NGS Week 11 Homework Assignment

Task 3: Align ChIP-seq reads to the human reference genome

Q3.1. Execute your script and report its contents for your answer [ 1 point ].

# 
#SBATCH --nodes=1
#SBATCH --tasks-per-node=1
#SBATCH --cpus-per-task=8
#SBATCH --time=8:00:00
#SBATCH --mem=8GB
#SBATCH --job-name=download_reads
#SBATCH --mail-type=FAIL,END
#SBATCH --mail-user=bl2477@nyu.edu

module load bwa/intel/0.7.17

bwa mem -M -t $SLURM_CPUS_PER_TASK /scratch/work/courses/BI7653/hw3.2022/hg38/Homo_sapiens.GRCh38.dna_sm.primary_assembly.normalized.fa SRR7207011_filtered.fq > SRR7207011.sam

bwa mem -M -t $SLURM_CPUS_PER_TASK /scratch/work/courses/BI7653/hw3.2022/hg38/Homo_sapiens.GRCh38.dna_sm.primary_assembly.normalized.fa SRR7207017_filtered.fq > SRR7207017.sam

bwa mem -M -t $SLURM_CPUS_PER_TASK /scratch/work/courses/BI7653/hw3.2022/hg38/Homo_sapiens.GRCh38.dna_sm.primary_assembly.normalized.fa SRR7207089_filtered.fq > SRR7207089.sam

Q3.2: When your alignments from Q3.1 have completed, create a script that will conduct the following 3 steps to prepare the BAMs for downstream analysis.
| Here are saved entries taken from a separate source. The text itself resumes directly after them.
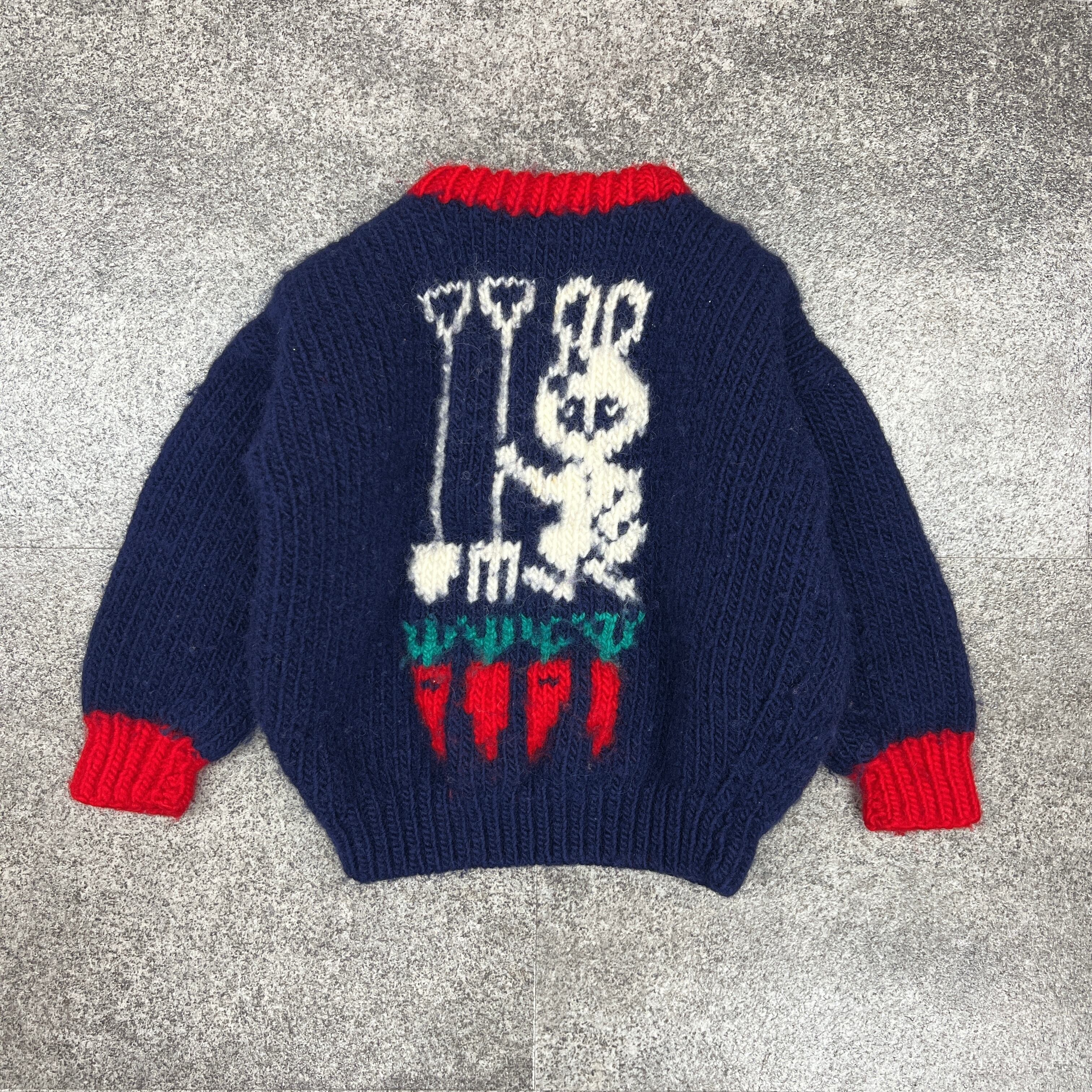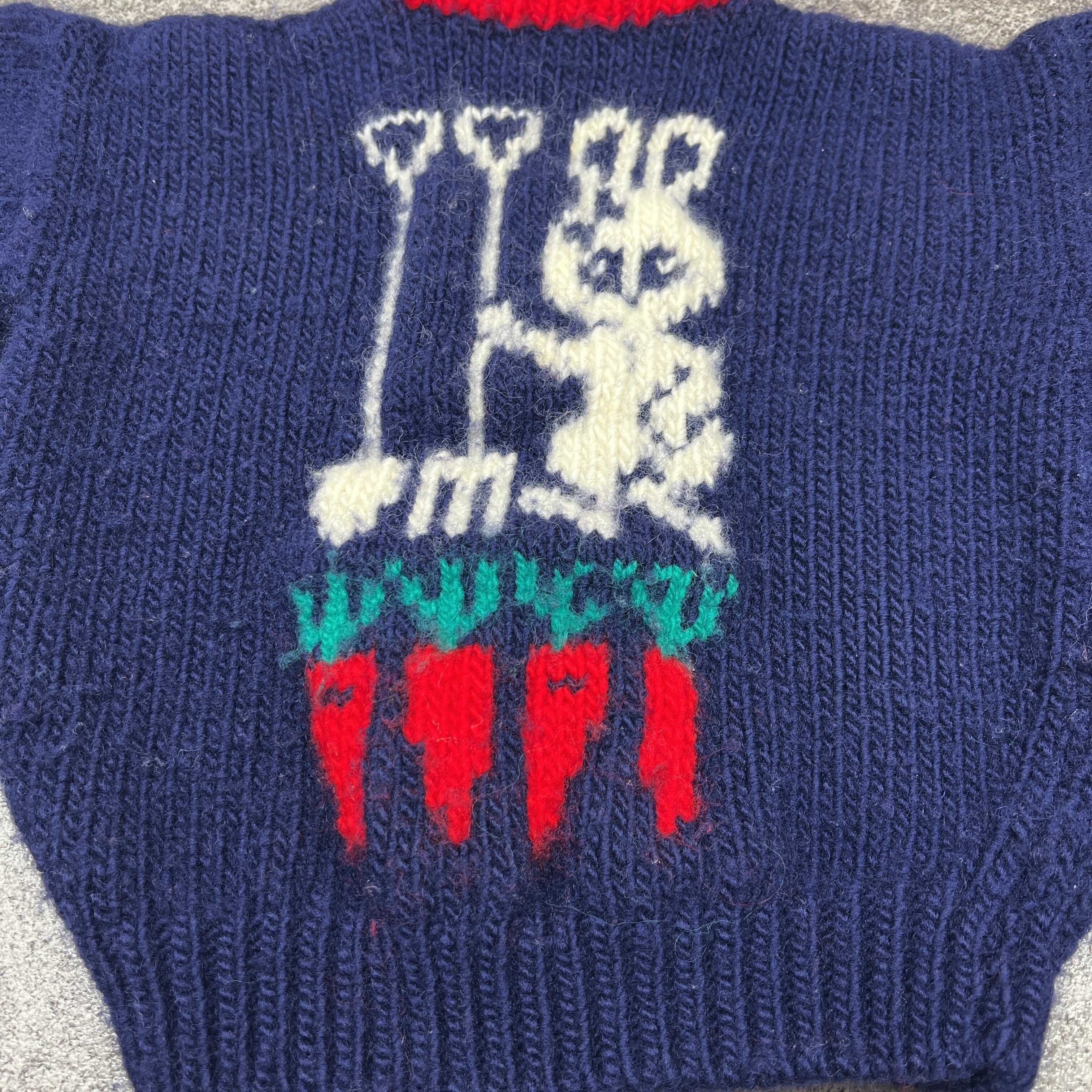 【2-3T】Rabbit and carrot pattern knit/navy うさぎ&にんじん柄 ニット セーター ネイビー 紺
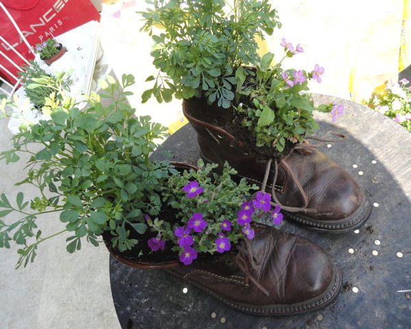 Les boots pots de fleurs en version violette © Dominique Rowe
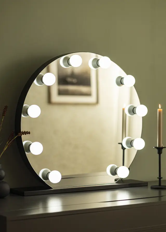 Miroir de maquillage glamour de forme ronde avec éclairage LED
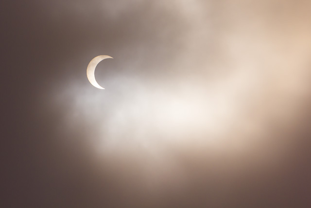 As it was getting closer to the time of the maximum eclipse, the marine layer started coming in. At first I was disappointed, but then I realized that at times the cloud layer was of just the right thickness that it was safe to directly look at the eclipse! Sometimes, a presumed misfortune turns out to be a stroke of good luck!
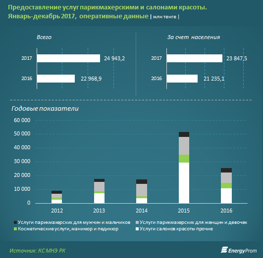 За прошедший год парикмахерские и салоны красоты оказали клиентам услуг на 24,9 млрд тг — на 8,6% больше, чем годом ранее*. Из них услуги за счет населения составили 23,8 млрд тг — на 12,3% больше, чем год назад.
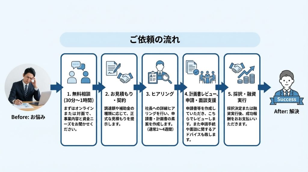 - 着手金:15万円〜(補助金の種類・規模により変動)
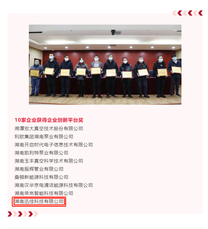 為進一步弘揚正氣,鼓勵先進,樹立標桿,充分發揮先進典型示范引領作用,湘潭經開區經濟工作會議對2021年高質量發展和安全生產先進企業、2021年先進基層黨組織、2021年真抓實干貢獻突出個人等進行了表彰,湖南迅佳科技有限公司(以下簡稱“迅佳科技”)榮膺年度“企業創新平臺獎”獎項。
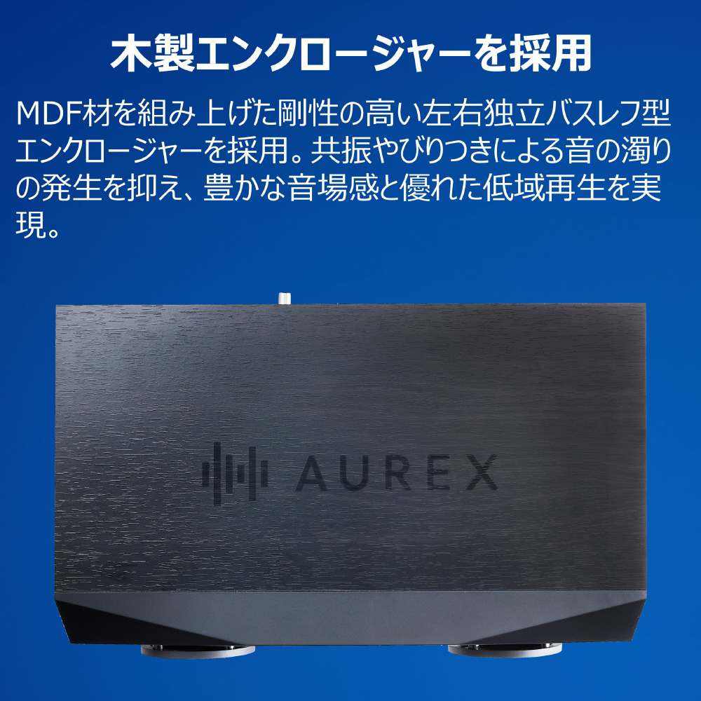 「音の忠実再現」を追求し、独自開発したDSP「オーレックス・サウンドプロセッサー」を搭載。高品質の2Wayスピーカーを搭載したAUREXのワイヤレススピーカーシステム。
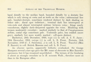 - Erstbeschreibung: Prout, L. B. (1913): New South African Geometridae. — Annals of the Transvaal Museum 3 (4): 194-225, pl. XII.
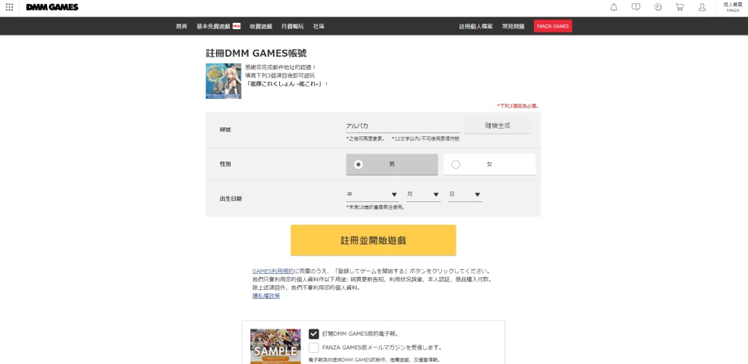 接下來要註冊DMM帳號。如果因為玩過賽馬娘之類的已經有DMM帳號,請還是掛著VPN,跳到跑完新手教學的部份。
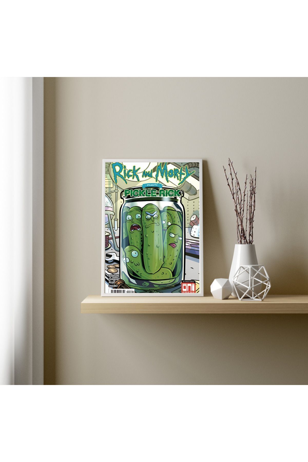 Çok Renkli - Rick And Morty Pickle Rick Tasarım Dekorasyon Poster Çerçeveli Yüksek Kaliteli Tasarım Tablo
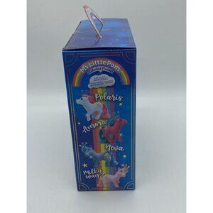 Brand new in box Celestial Pony Nova. This is probably the hardest to find version as she has pink stripes but the art work has white stripes. There are three versions. The other two have artwork that match the pony in the box. The box measures 8” long by 8” wide. Please view photos for details.

The expected output is 3 coordinate-sorted BAM files and 3 BAM index files. (note: the simplest approach is to just run each of the required commands below three times, once for SAM). Obviously, you will need to use appropriate output filenames at each step. Execute your script and report its contents for your answer. [ 3 points ].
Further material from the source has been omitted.